Is it 2014 already? I ask because it’s usually at the mid-point in Olympiads that the top athletes in the world show less rigidity in their schedules. While the Commonwealth Games are dear to some, likewise the European Championships, it’s usually that mid-cycle year that the world’s headline grabbers strut their stuff more freely. This is 2013, there’s a World Championship this year, I’m calling Usain Bolt running in London a big-time bonus for track fans.
No doubt he’ll also be getting a big-time pay-check but he’s totally worth it. Bolt would be a marvel to behold were he just the most gifted sprinter ever to grace the planet. The Jamaican is of course much more than that. This is a man whose confidence borders on arrogance but not to a point where it could put anyone off. Bolt has too much charisma for that. Remember last August as he went to the blocks for the 200m final at the 2012 Summer Olympics. Bolt started chatting to one of the volunteers in the next lane and fist bumped the volunteer manning his blocks. That’s style, that’s confidence, that’s something only a man who’d give the Flash a run for his money can do.
The Anniversary Games won’t be like a standard Grand Prix meet. Taking place over three days, instead of the usual single evening, with the third day being solely for Paralympic events this event will put Athletics in a global spotlight a month before the World Championships. Bolt heads a cast of 12 Olympic champions signed up for the event, including Jessica Ennis whose star rocketed in London last year.

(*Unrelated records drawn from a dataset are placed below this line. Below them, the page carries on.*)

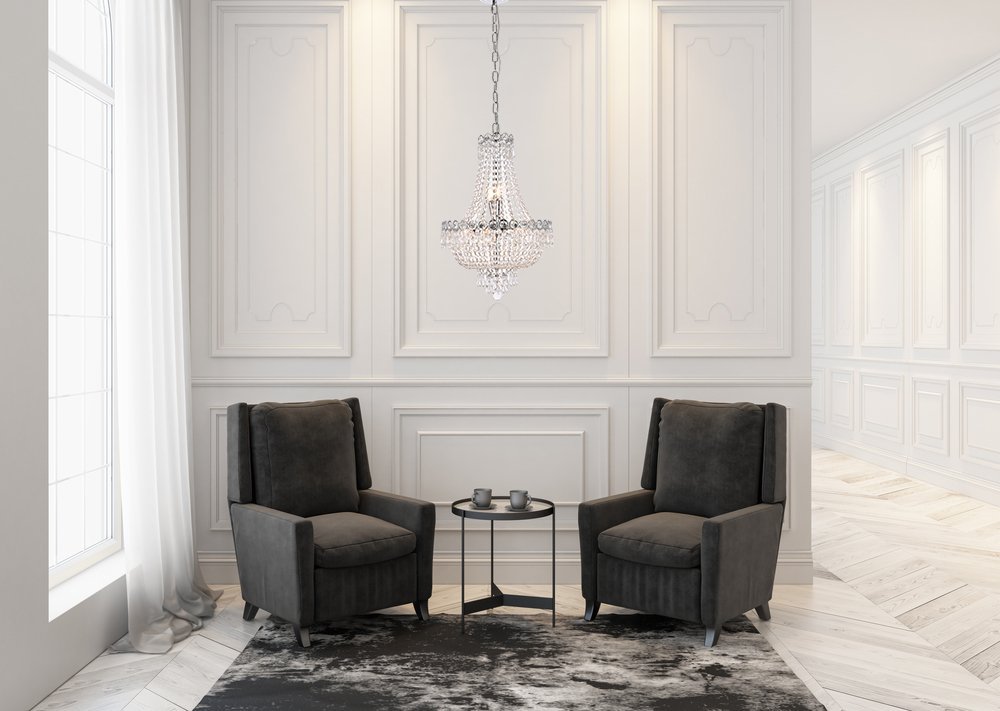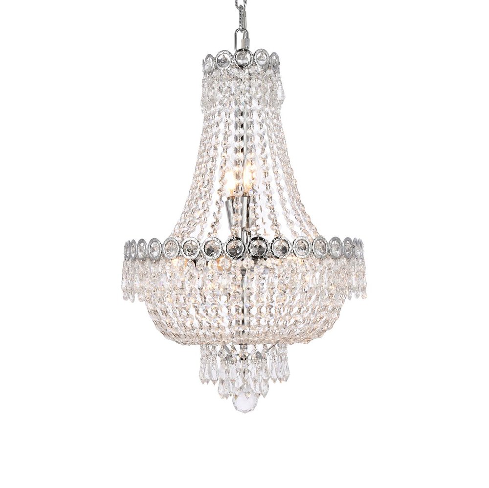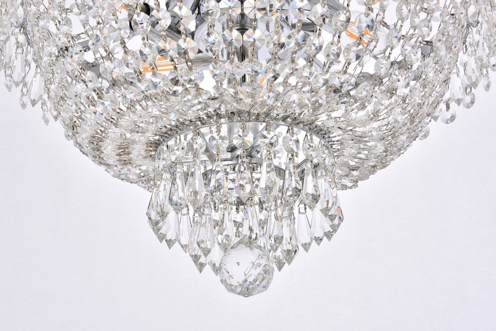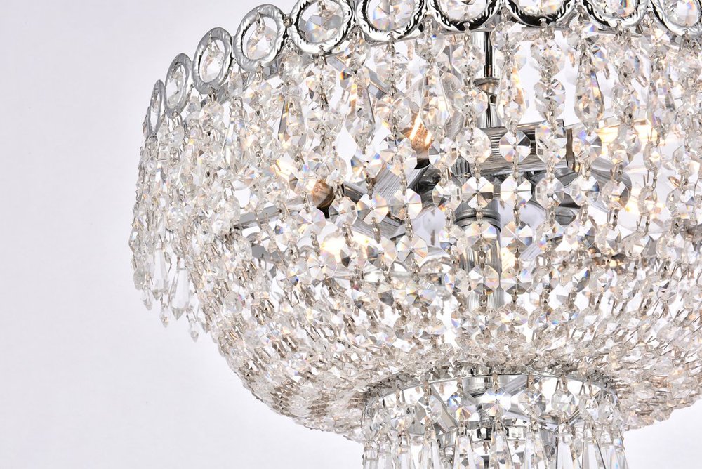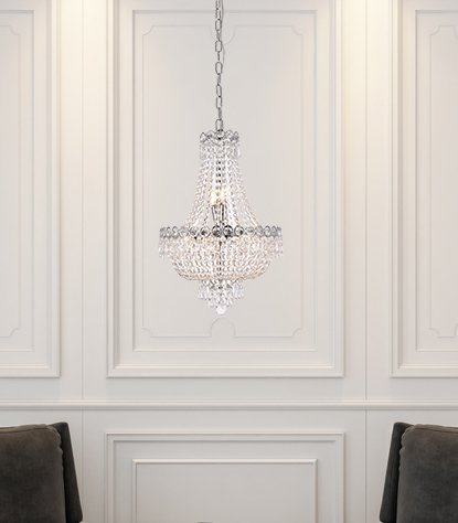 The exquisite Century collection was inspired by the classic allure of 19th-century France. These opulent chandeliers and pendant lamps are highlighted by delicate lines of light-refracting crystals gently flowing down into a bell shape. Each layer is banded with crystal octagons and spear-shaped drops, with the extravaganza coming together at the bottom with a Single crystal ball or a shell completely covered in clear spherical crystal balls. This masterpiece is available in a variety of crystal trims. A column of chrome or gold inside supports soft-glowing candelabra bulbs, creating an effulgence that peeks out between the strands of crystals.
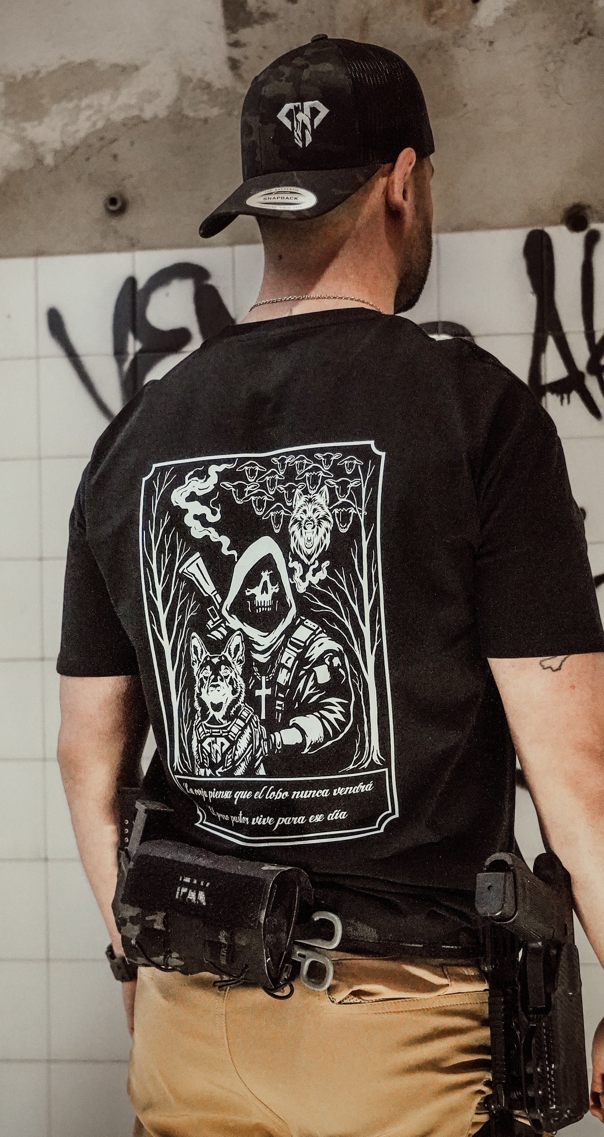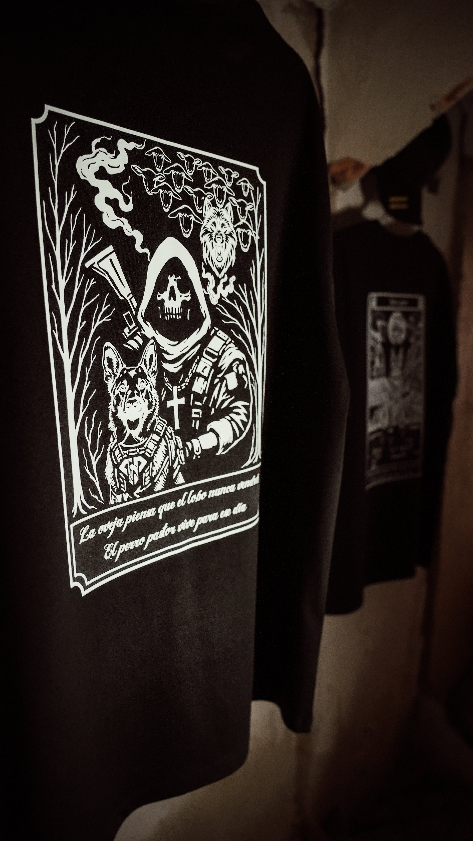 El diseño representa al perro pastor en primer plano, firme y vigilante. Al fondo, el lobo, las ovejas y la figura espectral armada —la muerte— recuerdan una verdad incómoda: alguien debe estar dispuesto a permanecer entre el peligro y el rebaño. Esa es la esencia del Protector. No busca reconocimiento, solo cumplir con su deber.
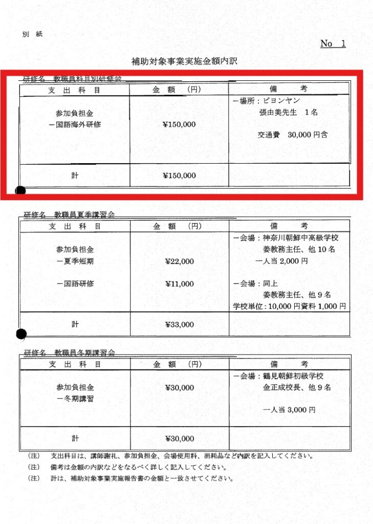 中でもウォッチャーの間で語り継がれるのが2007年の平壌研修への補助金だ。
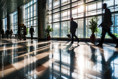 Business center lobby with blurred figures of businessmen. Busy office hours idea
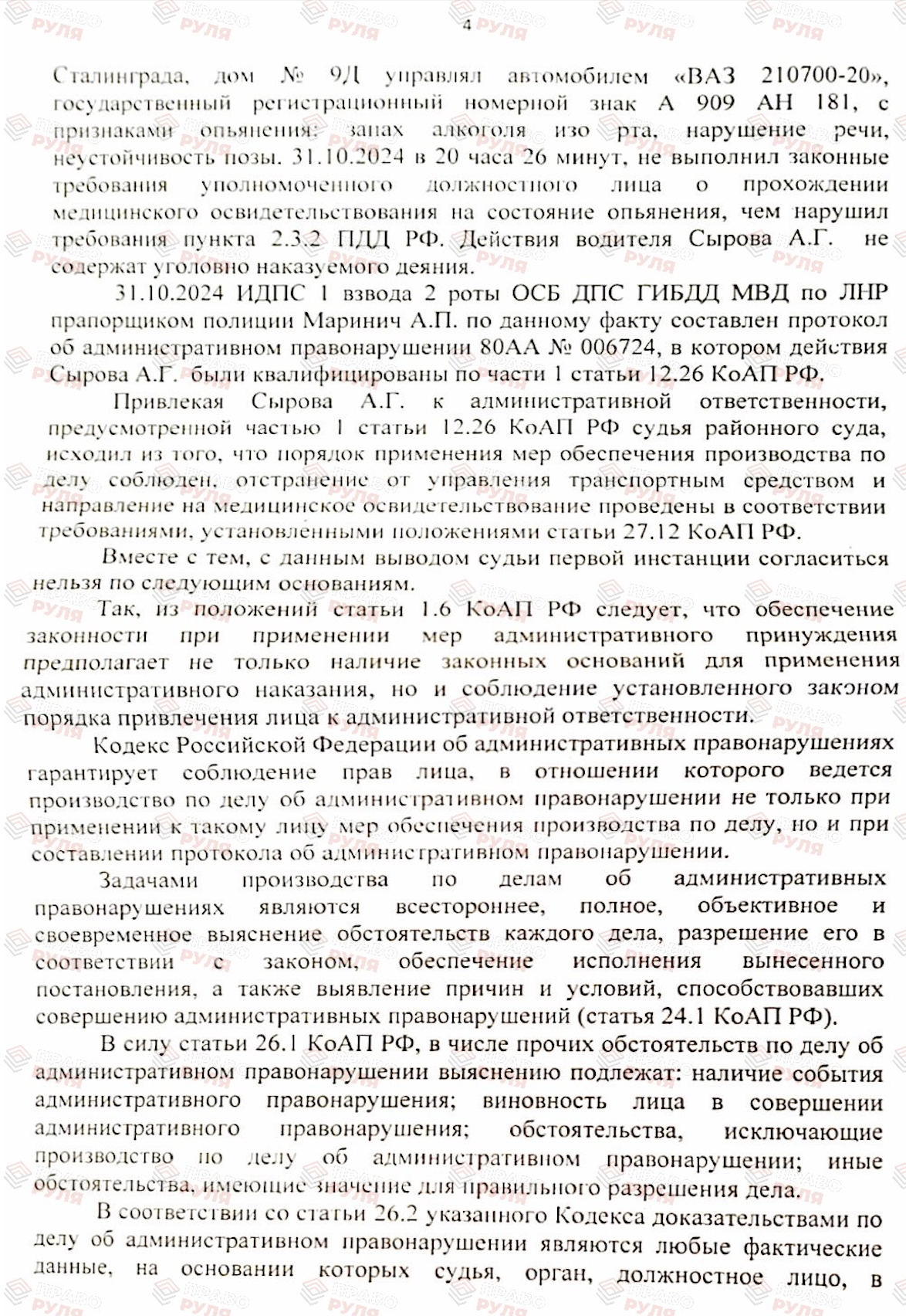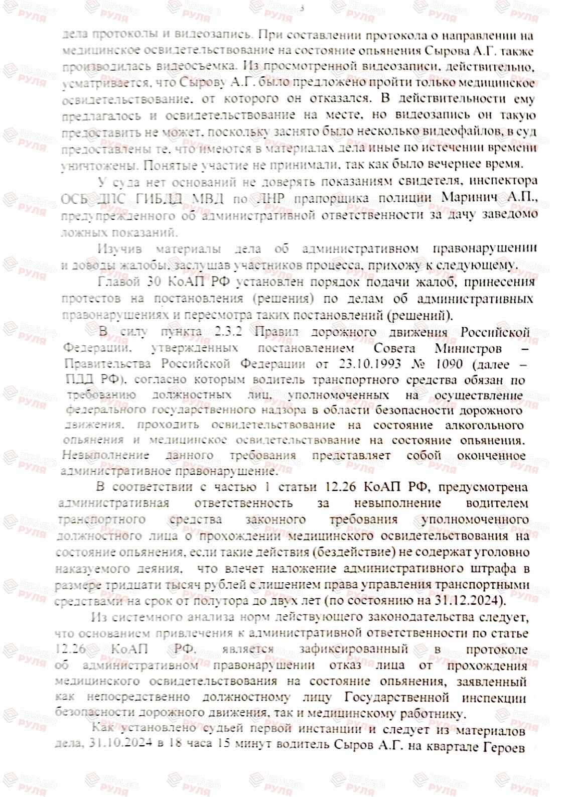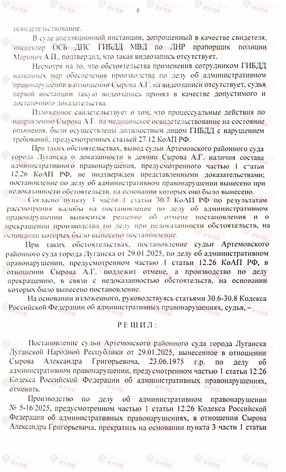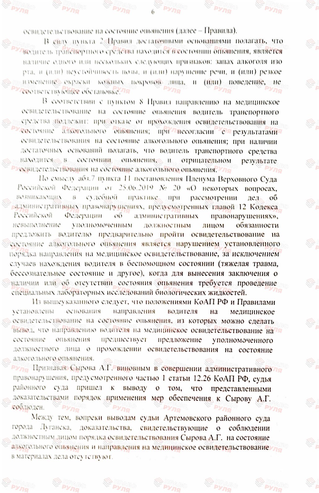 Клиент обратился 16 ноября 2023 года в юридическую компанию Право Руля в день совершения правонарушения. Юристом был подготовлен правовой анализ и найдены грубые нарушения в процедуре. При проведении процедуры отстранения не участвовали понятые и не проводилась видеофиксация. В связи с данным нарушением не был установлен субъект, установление которого необходимо для определения состава. Подробнее: в тексте решения.
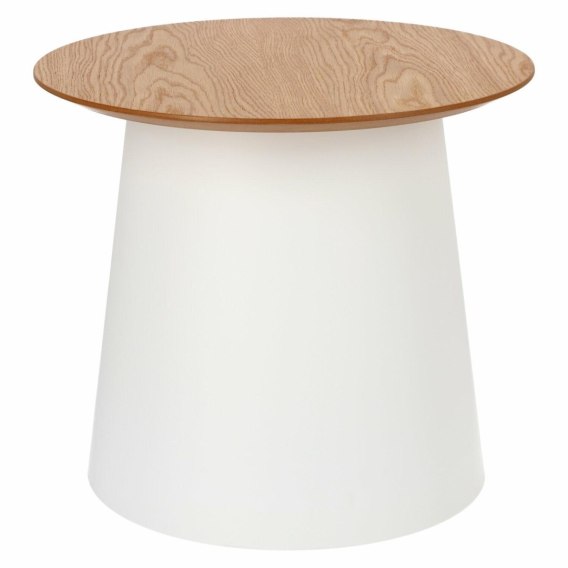 Nowoczesny stolik Ethos przyda się w każdej przestrzeni. Będzie on idealnym miejscem na klucze w przedpokoju, stołkiem na odłożenie kawy przy sofie w salonie lub nawet jako miejsce na ręcznik w łazience. Stolik przy tym jest niezwykłym obiektem dekoracyjnym. Blat produktu wykonany został z płyty laminowanej w kolorze drewna, czyli materiału cenionego za swoją niezwykle wysoką wytrzymałość i odporność na uszkodzenia. Obrzeże blatu o lekko ściętym zakończeniu podkreśla wyjątkowy styl stolika. Konstrukcja osadzona została na wytrzymałej podstawie w kolorze eleganckiej bieli. Podstawa nie tylko z
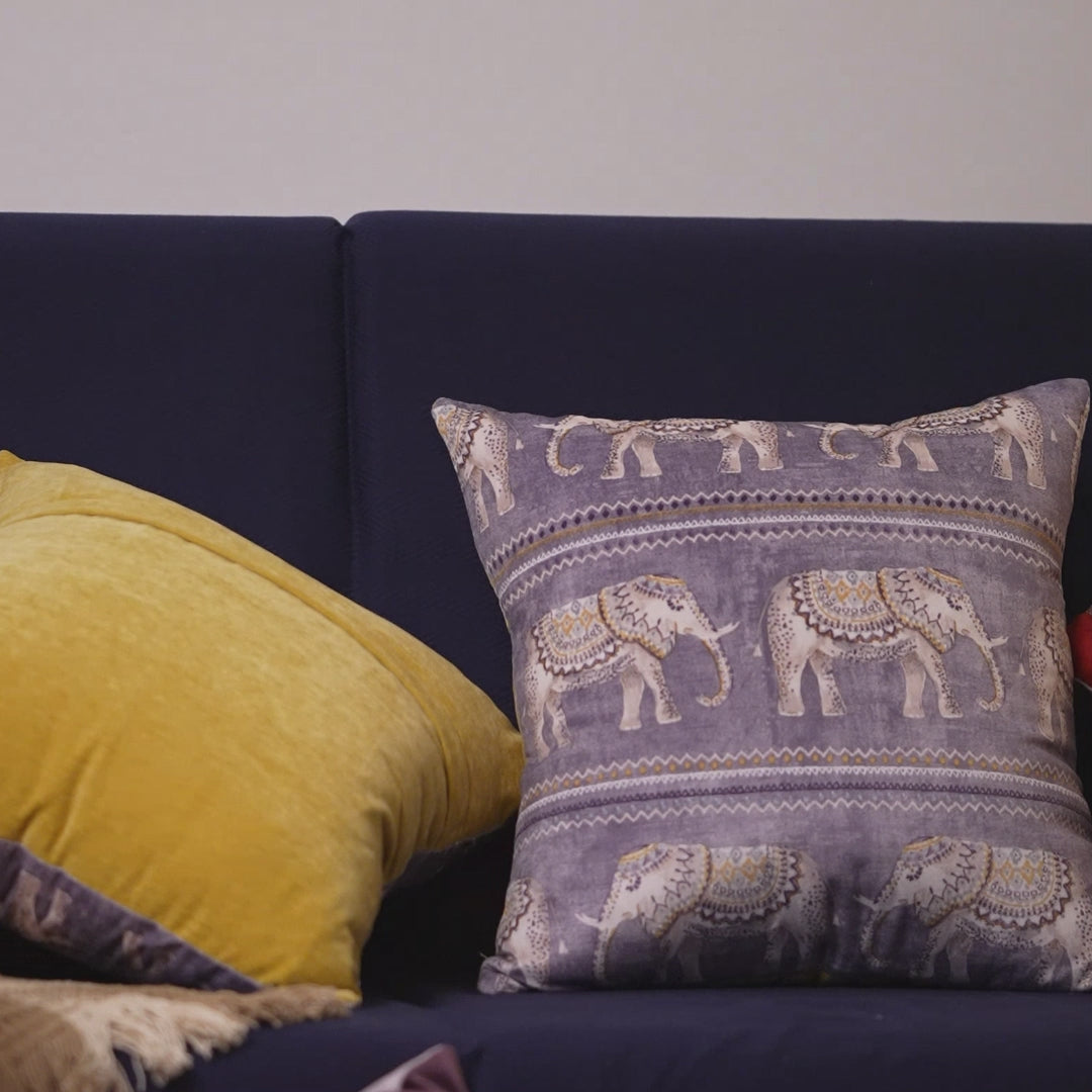 Bring home a touch of heritage and elegance with Tusk ki Roshni cushion covers. Made from lightweight premium velvet, this set features a charming elephant pattern, combining comfort with a rich decorative appeal—perfect for cozy lounging or elevating your interiors.
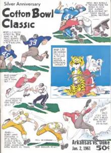 The 1961 Cotton Bowl Classic was the 25th edition of the college football bowl game, played at the Cotton Bowl in Dallas, Texas, on Monday, January 2. Part of the 1960–61 bowl game season, it matched two conference champions, the seventh-ranked Arkansas Razorbacks of the Southwest Conference (SWC), and the #10 Duke Blue Devils of the Atlantic Coast Conference (ACC).[2][3] With a late score, underdog Duke won 7–6, in front of 74,000 spectators.[4][5][6][7]
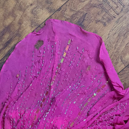 beaded embroidery, mermaid silhouette, sweetheart neckline, floor-length, hot pink, vintage formal, evening wear, embellished, glamorous style, romantic
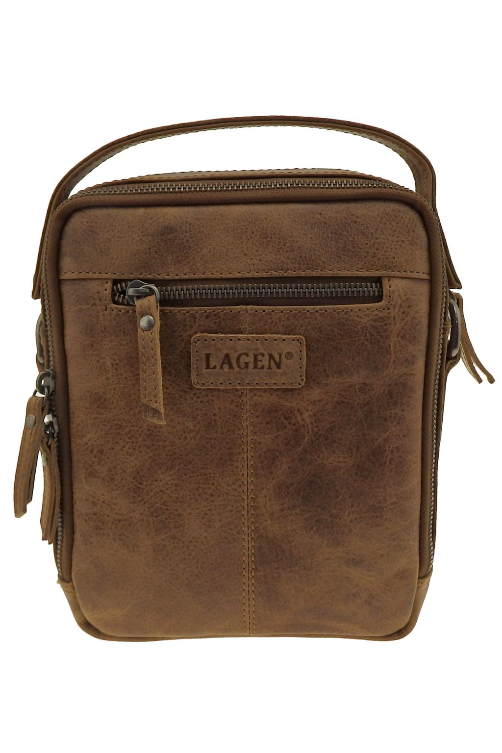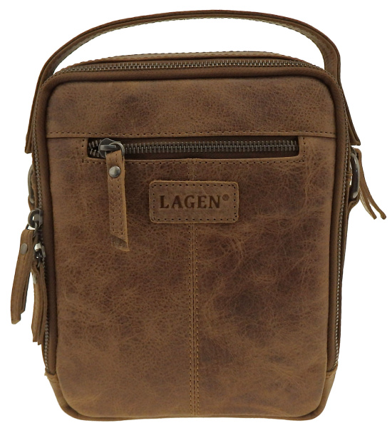 Elegantní pánská kožená taška přes rameno z kolekce značky LAGEN v hnědé barvě z kvalitní hovězí kůže s 2 kapsami uzavíratelnou zipem a nastavitelným popruhem k nošení přes rameno i křížem přes tělo. Vnitřní část pánské tašky přes rameno tvoří dvě dostatečně velké kapsičky např. na peněženku, klíče a jiné drobnosti denní potřeby, kapsičku na doklady uzavíratelnou na zip a kapsičku na mobil. Na přední i zadní části tašky přes rameno je kapsička také uzavíratelná zipem.
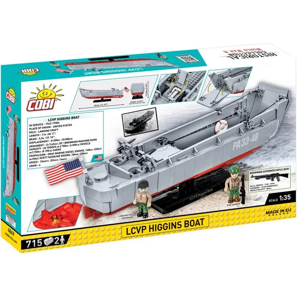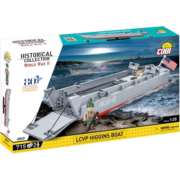 ENGIN DE DEBARQUEMENT LCVP HIGGINS BOAT 1:35 – Plongez au cœur de l’histoire avec ce magnifique jeu de construction signé Cobi. Conçu pour les passionnés de la seconde guerre mondiale, ce modèle réduit du célèbre engin de débarquement américain est composé de 715 briques.
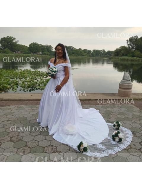 • A-line Off-the-Shoulder Sleeveless Court Train Fashion Satin Wedding Dresses
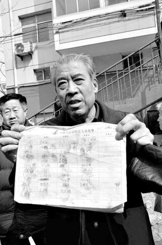享園小區(qū)居民向記者展示“不同意拆遷人員名單”新華社記者 王民 攝
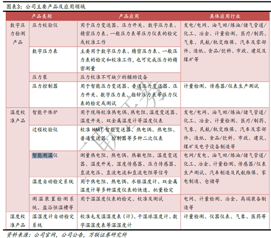 ④ 温度校准产品快速成长,成公司重要的利润增长点
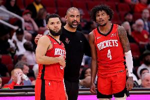赛后,火箭主帅乌度卡接受了记者采访。谈到勇士是否会在防守端更多地针对范弗里特(因为勇士一直都在包夹杰伦-格林),他说道:“我们讨论过这个问题。我们喜欢让他们一起上场,正是因为这个原因。球员们在场上积极地设置掩护,我们的比赛节奏也有所提升,他们因此获得了更多的自由度,同时也在一定程度上消耗了对手。他们会按照自己的方式打球。
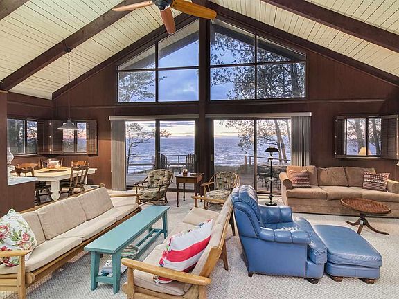 CLASSIC LAKE MICHIGAN COTTAGE! Step into this charming cottage and you'll feel right at home. Two bedrooms on the main floor, plus a large open loft area with plenty of room for all the kids. The living room features extra high vaulted ceilings with a floor to ceiling brick wood burning fireplace! The open floor plan has tons of windows that allows for breathtaking views of the water from the kitchen, dining, great room and loft. The lower level walkout has a second bathroom and ample unfinished space for storage or to finish into additional living area. This home is located in the Lakeland Association, a thoughtfully planned community with all sorts of amenities: a community beach with clubhouse, storage area, basketball, tennis and pickleball courts. Lakeland also has over 140 acres.
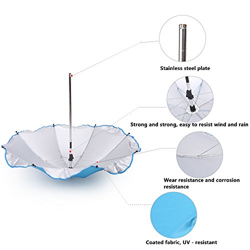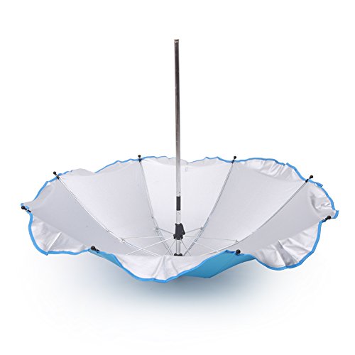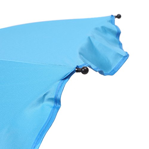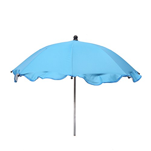 -. Feature : Material:Plastic+Metal / Size:65.5x72cm £¨open size£© / Color:Blue/Red/Pink/Green/white/ / The flexible arm allows for all angle positioning / The umbrella fits most pram buggies and simply attaches with a screw type fitting to the frame

Signing Bolt is a massive coup for the organisers as this will be the first time, save for last year’s Olympics, since 2009 that Bolt has raced in Britain. Tax rules had put him off racing in recent editions of the London Grand Prix but a change in British law has removed this obstacle. Bolt will run the 100m on the Friday of the event and then race the 4x100m on the Saturday. “I’m looking forward to coming back to the UK, especially with it being a year since winning three gold medals in the Olympic Stadium,” said Bolt. “The crowd were amazing at the Games and I hope they will be out again in their numbers at the end of July.”